QUOTE (Brainiac @ May 20 2009, 10:43 PM)

QUOTE (Ananda @ May 20 2009, 09:29 PM)

Yea, it's the same old everywhere, in different flavors. It incidentally also happened to me in Gaudiya Math. Wherever there are absolute beliefs and fundamental values, this response pattern seems to be integral.
Mind you, and I always meant to ask, much of the criticism you received after leaving TGV came from IGM-types, did they not? If not from some Western-oriented TGVs themselves. How did the Vaishnava community at Radhakund itself treat you or react to your leaving?

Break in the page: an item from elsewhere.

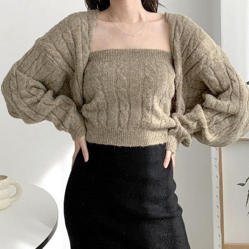 [다잇템][다잇템] 여자 탱크 꽈배기 카디건 벌룬 숏가디건 니트탑 세트_18955005_588872
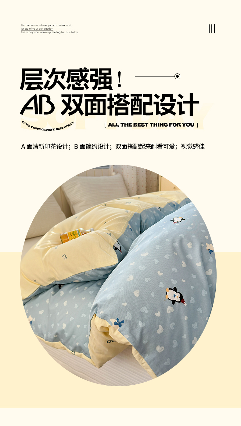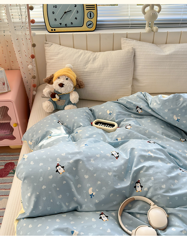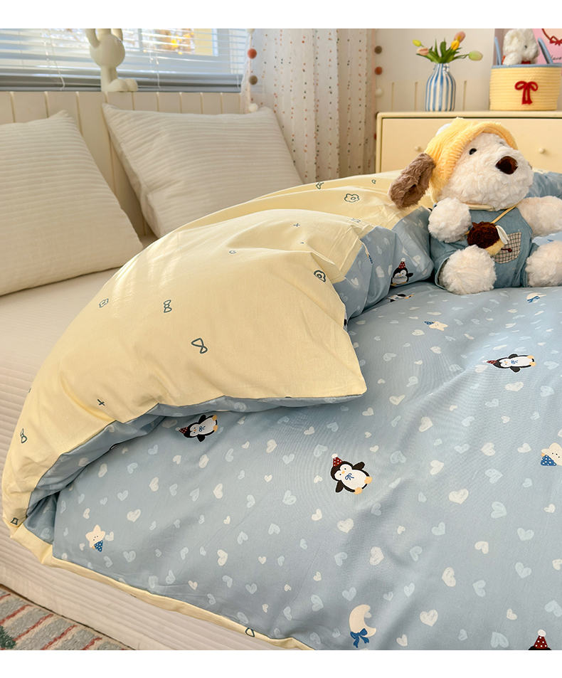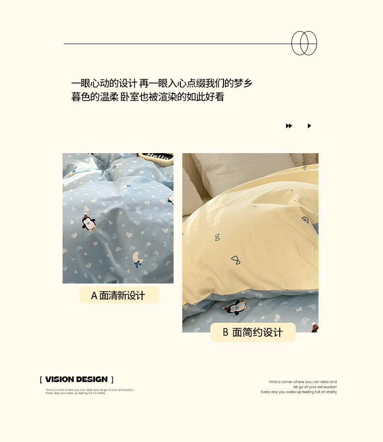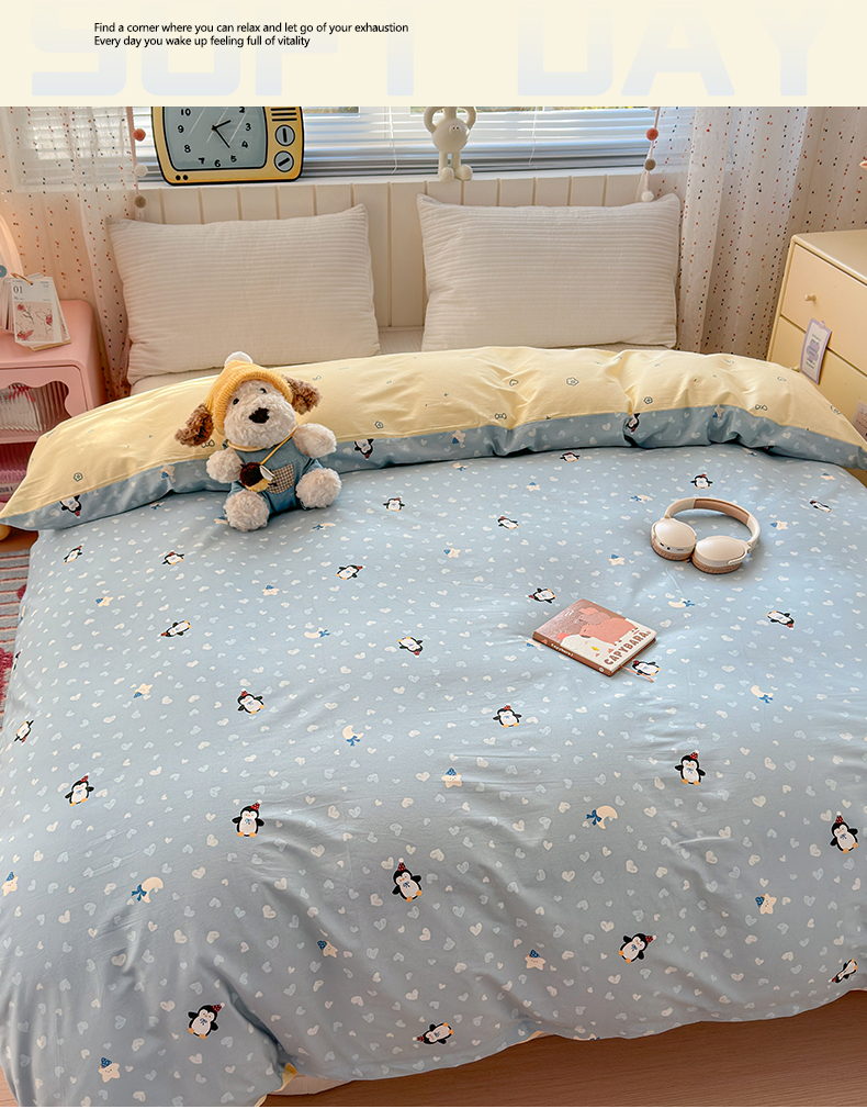 • 91家纺网 家纺一手货源 找家纺 清雅福 2026春夏新款INS小清新40支全棉13372单被套第二批 星星企鹅

Well I have never formally stated my departure from GV to them so I wouldn't know exactly what people are thinking (insider news don't seem to be reaching me), but you'll remember the response I received at Vilasa Kunja from the fundamentalist wing. I received an ultimatum from a small coalition of members and was booted out of my own forum. (I built the forum and
own the domain.) Prior to that I had communicated my desire to see it continue in some shape regardless of my personal decisions, and even offered to do a software upgrade to have it stable for the future. You have an account, go there and read for yourself.
You may or may not have heard of the reaction from Sanatana Das Babaji after I closed my ties with him individually as a guru in a frank face to face conversation. He told me how my offensive attitude towards him would destroy my creeper of devotion, and that I had no idea how much damage I was doing to myself by looking at him in a negative light and observing faults in him. Throw in the resulting divorce and the resulting complications with our house project and all, and I'd say it's a decent level of repercussion there, even if not from a large audience.
And you'll remember my exit from Bhakticharan Das Babaji's hospices (parts
two and
three). I have no idea what he or his cronies are talking about me, I'm only too glad to have never encountered the man again after slipping his worshipable lotus photo back to him through a crack in the door on demand, as I refused to give him more money for payback of the loan scam loop he was running with me, and as I wasn't too interested in seeing the man's face by opening the door. (And I was on my way out to take the first leak of the morning when he showed up and parked outside my closed door for a fair half an hour.) The general advice from friendly devotees is to not criticize the guru. Should you attempt to explain the situation, you are in effect criticizing the guru, so it's a dead end there.
Trust me, it's every bit as black and white there. You're dealing with people who are conditioned to this absolute theologized outlook since their decades, and many since their childhood here. Add in a large spoonful of Bengali emotional fervor and mix with near-ecclesiastic belief in the guru's absolute nature, deal with the absence of rational ingredients from a Western education, and it's overall about as accommodating and flexible as a stone wall.